The Legal Definition of Delayed Discovery Rule Law

The delayed discovery rule was created as a way to protect negligence claims from the statute of limitations, which could have expired prior to the plaintiff knowing that he or she had a legal claim. The delayed discovery rule is a legal set of guidelines that postpone the running of the statutes of limitations during the period of time the plaintiff did not know they had a claim.

This could also be due to the implement of reasonable diligence, which would not have discovered the injuries could lead to his or her action against the defendant or perpetrator. This rule can apply in sexual abuse cases, until the victim discovers the connection between their injuries and the sexual abuse that occurred.
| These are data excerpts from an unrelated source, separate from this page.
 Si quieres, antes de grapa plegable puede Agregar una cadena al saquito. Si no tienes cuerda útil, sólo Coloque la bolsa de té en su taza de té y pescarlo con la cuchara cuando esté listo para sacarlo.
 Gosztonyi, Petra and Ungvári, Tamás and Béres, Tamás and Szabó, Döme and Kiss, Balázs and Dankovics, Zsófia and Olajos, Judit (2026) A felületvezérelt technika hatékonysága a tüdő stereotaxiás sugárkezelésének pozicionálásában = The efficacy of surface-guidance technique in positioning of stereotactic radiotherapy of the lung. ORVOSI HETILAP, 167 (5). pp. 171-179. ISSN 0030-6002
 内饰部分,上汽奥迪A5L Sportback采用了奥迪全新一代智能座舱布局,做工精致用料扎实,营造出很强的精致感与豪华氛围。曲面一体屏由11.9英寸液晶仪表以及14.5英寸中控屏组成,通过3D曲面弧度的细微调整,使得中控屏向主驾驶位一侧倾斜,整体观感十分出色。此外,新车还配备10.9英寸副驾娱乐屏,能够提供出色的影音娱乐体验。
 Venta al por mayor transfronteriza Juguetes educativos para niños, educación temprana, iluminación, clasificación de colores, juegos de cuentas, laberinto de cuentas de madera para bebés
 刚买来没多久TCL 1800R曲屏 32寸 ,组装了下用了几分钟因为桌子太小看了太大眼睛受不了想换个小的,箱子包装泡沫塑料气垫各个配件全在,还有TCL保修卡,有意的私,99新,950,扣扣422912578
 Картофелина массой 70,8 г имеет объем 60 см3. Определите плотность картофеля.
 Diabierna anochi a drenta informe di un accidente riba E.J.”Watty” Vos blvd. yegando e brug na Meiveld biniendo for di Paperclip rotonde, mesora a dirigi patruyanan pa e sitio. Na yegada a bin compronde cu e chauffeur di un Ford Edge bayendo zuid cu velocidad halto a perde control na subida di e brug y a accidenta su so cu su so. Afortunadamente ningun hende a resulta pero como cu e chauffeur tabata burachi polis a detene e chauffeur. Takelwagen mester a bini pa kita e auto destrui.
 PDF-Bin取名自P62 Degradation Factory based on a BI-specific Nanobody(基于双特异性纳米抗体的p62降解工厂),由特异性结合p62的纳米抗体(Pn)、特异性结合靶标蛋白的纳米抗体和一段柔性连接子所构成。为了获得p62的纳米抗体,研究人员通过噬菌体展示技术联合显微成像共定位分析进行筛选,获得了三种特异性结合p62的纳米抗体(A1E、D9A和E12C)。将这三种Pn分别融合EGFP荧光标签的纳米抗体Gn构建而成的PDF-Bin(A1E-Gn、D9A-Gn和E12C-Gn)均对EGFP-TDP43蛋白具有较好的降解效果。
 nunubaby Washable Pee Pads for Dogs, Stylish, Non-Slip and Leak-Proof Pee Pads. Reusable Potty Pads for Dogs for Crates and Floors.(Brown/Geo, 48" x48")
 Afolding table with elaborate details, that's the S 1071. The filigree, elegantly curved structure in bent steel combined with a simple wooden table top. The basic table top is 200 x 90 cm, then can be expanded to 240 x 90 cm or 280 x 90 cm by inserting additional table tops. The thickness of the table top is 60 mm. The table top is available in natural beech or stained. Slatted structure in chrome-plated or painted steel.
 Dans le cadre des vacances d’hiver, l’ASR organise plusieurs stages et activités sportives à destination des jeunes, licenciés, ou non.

An example of the delayed discovery rule legal definition:

Normally, a ground of legal action accrues upon the event from the final component crucial to the cause of action. (April Enterprises, Inc. v. KTTV (1983) 147 Cal.App.3d 805, 826.) Nevertheless, in cases where it would be obviously unfair to deprive a plaintiff of a cause of action prior to his knowing he has been injured, the delayed discovery rule is relevant. This means the statute of limitations starts to run not upon injury, only when the plaintiff either actually discovers his or her injury, or could have discovered his or her accidental injury through the utilization of reasonable diligence. (Smith v. Dunham, 2008 Cal. App. Unpub. LEXIS 2823 (California Unpublished Opinions 2008).